# Provided material
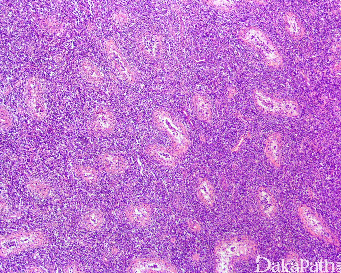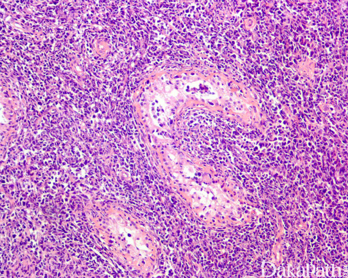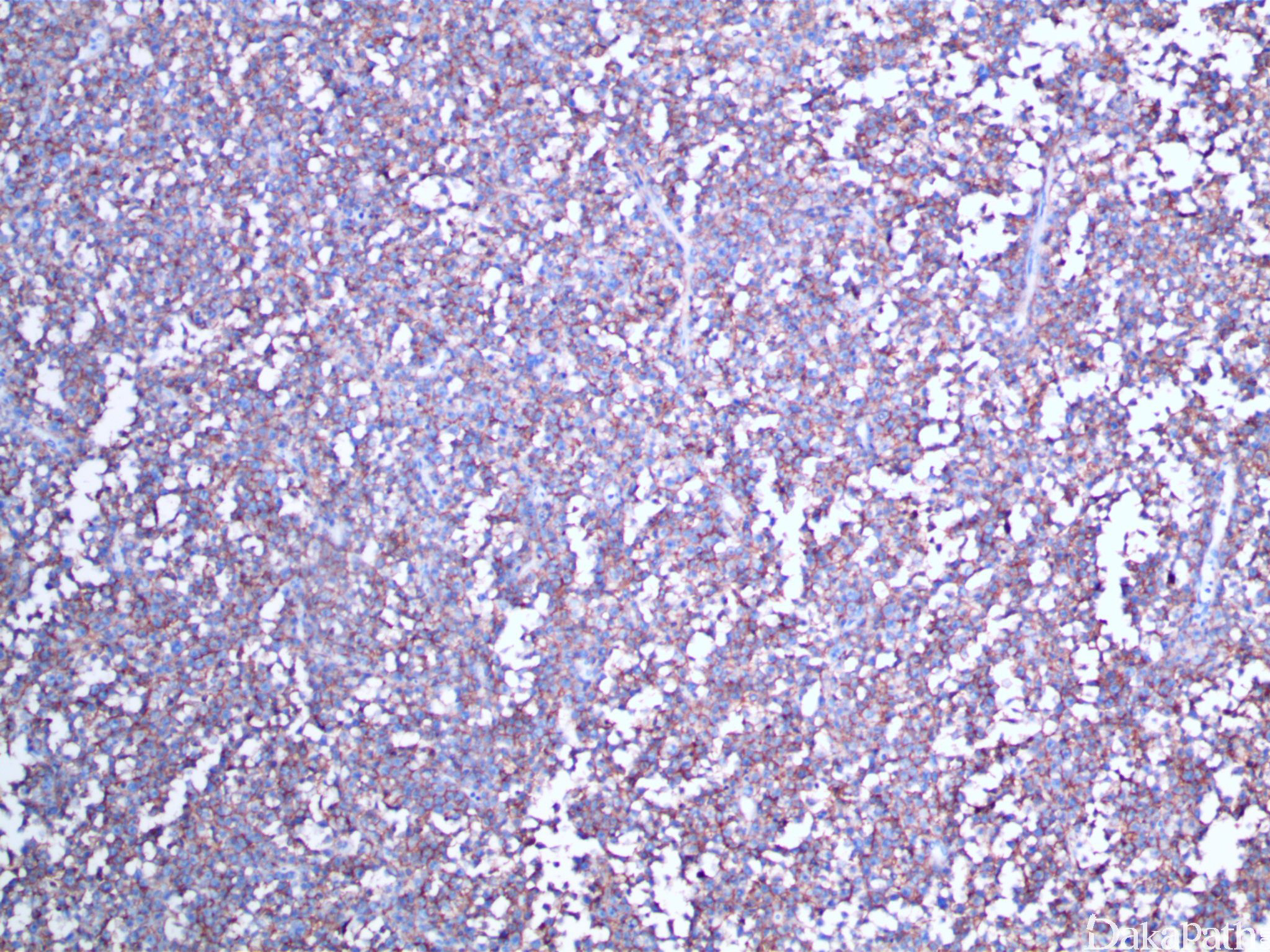 肿瘤由大的淋巴细胞构成,圆形或卵圆形,核形不规则,偶尔可见分叶核,核仁清楚,胞质稀少;
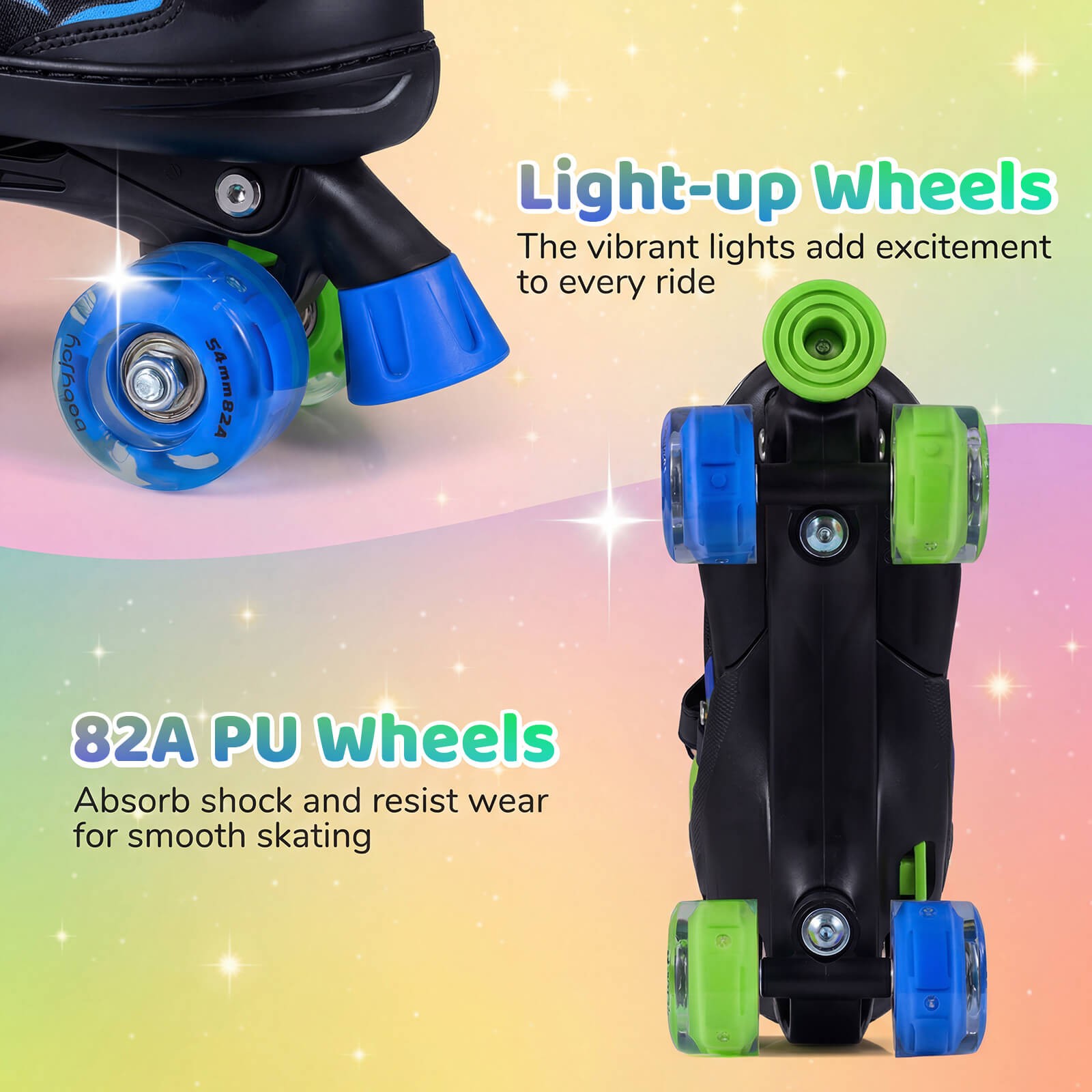 Kids Roller Skates for Teens, 4 Sizes Adjustable Quad Skates w/ Light-up Wheels
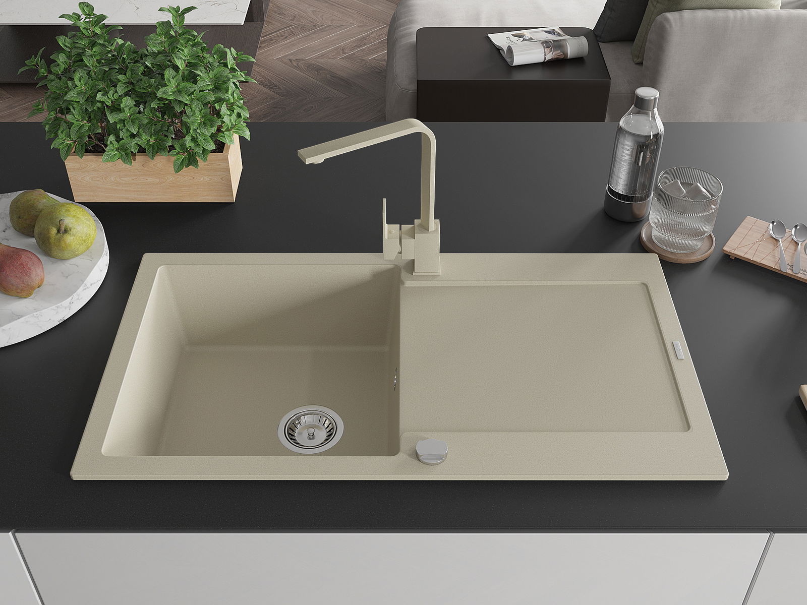 The sink is made of high quality granite. It is an elegant and, above all, practical complement to every kitchen, regardless of its style. High quality and granite durability ensure many years of use.

# Exercise objective
Starting at the line that holds "Kids Roller Skates", retype every line through the end of the data, both ends included. Pictures stay out of the copy.

# Task answer
 Kids Roller Skates for Teens, 4 Sizes Adjustable Quad Skates w/ Light-up Wheels
 The sink is made of high quality granite. It is an elegant and, above all, practical complement to every kitchen, regardless of its style. High quality and granite durability ensure many years of use.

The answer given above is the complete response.